Task goal:
Repeat exactly the opening lines of the records, ending with the line that contains "The table number".

--- Records supplied ---

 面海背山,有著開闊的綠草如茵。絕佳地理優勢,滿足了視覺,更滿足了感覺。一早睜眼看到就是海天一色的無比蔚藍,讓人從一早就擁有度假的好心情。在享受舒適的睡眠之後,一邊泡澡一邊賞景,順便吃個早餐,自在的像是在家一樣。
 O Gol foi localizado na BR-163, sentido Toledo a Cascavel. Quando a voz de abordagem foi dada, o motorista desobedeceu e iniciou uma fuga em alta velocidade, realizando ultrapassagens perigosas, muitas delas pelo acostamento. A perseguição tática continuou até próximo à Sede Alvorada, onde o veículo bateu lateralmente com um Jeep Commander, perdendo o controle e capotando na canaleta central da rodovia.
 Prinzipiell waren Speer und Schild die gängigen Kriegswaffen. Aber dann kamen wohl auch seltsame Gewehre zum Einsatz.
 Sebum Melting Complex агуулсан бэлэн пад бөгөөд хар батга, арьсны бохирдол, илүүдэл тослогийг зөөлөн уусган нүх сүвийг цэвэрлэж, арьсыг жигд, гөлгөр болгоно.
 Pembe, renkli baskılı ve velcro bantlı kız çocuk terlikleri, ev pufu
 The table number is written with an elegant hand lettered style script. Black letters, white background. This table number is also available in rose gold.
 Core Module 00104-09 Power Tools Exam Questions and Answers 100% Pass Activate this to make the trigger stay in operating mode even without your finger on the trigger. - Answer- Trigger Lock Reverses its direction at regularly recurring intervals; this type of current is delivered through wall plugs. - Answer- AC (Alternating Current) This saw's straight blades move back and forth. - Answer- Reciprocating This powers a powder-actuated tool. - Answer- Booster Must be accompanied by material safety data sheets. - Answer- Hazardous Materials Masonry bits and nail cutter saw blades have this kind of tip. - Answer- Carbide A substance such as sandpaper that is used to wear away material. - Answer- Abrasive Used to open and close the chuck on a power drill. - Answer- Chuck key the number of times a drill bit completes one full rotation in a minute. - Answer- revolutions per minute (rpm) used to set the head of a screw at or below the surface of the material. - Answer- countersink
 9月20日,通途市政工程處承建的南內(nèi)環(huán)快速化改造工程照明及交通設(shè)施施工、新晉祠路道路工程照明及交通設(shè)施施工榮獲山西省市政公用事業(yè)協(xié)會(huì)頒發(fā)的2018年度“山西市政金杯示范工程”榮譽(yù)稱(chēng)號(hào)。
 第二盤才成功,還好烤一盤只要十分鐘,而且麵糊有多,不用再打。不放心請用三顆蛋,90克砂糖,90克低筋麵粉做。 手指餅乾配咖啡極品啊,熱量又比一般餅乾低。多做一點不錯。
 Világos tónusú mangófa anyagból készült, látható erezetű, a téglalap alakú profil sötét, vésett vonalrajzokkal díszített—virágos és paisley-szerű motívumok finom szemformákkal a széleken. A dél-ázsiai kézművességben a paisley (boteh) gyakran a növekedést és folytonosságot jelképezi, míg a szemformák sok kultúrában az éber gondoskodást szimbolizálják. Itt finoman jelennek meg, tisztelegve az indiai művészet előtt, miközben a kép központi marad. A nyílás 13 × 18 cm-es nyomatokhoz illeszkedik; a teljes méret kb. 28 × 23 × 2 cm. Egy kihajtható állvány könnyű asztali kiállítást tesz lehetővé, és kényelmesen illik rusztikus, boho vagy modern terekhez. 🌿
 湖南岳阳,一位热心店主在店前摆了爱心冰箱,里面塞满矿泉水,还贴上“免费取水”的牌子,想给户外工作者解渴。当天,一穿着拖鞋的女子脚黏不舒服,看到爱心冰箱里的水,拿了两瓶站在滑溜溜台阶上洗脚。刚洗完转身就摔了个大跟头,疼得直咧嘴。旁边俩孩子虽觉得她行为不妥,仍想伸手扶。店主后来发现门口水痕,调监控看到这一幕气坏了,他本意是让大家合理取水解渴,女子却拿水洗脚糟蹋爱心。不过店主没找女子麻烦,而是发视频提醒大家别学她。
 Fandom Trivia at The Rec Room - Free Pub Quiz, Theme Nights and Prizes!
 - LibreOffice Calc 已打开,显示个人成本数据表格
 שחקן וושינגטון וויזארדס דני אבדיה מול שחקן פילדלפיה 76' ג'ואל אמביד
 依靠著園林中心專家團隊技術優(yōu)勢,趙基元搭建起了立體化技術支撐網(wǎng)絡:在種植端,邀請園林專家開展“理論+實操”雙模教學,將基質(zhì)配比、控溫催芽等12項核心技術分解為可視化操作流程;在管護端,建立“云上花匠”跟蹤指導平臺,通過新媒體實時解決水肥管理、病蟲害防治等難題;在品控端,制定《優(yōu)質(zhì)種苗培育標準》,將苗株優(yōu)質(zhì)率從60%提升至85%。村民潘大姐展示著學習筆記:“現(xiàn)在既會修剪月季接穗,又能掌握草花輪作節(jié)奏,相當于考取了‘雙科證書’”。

---

Response area:
 面海背山,有著開闊的綠草如茵。絕佳地理優勢,滿足了視覺,更滿足了感覺。一早睜眼看到就是海天一色的無比蔚藍,讓人從一早就擁有度假的好心情。在享受舒適的睡眠之後,一邊泡澡一邊賞景,順便吃個早餐,自在的像是在家一樣。
 O Gol foi localizado na BR-163, sentido Toledo a Cascavel. Quando a voz de abordagem foi dada, o motorista desobedeceu e iniciou uma fuga em alta velocidade, realizando ultrapassagens perigosas, muitas delas pelo acostamento. A perseguição tática continuou até próximo à Sede Alvorada, onde o veículo bateu lateralmente com um Jeep Commander, perdendo o controle e capotando na canaleta central da rodovia.
 Prinzipiell waren Speer und Schild die gängigen Kriegswaffen. Aber dann kamen wohl auch seltsame Gewehre zum Einsatz.
 Sebum Melting Complex агуулсан бэлэн пад бөгөөд хар батга, арьсны бохирдол, илүүдэл тослогийг зөөлөн уусган нүх сүвийг цэвэрлэж, арьсыг жигд, гөлгөр болгоно.
 Pembe, renkli baskılı ve velcro bantlı kız çocuk terlikleri, ev pufu
 The table number is written with an elegant hand lettered style script. Black letters, white background. This table number is also available in rose gold.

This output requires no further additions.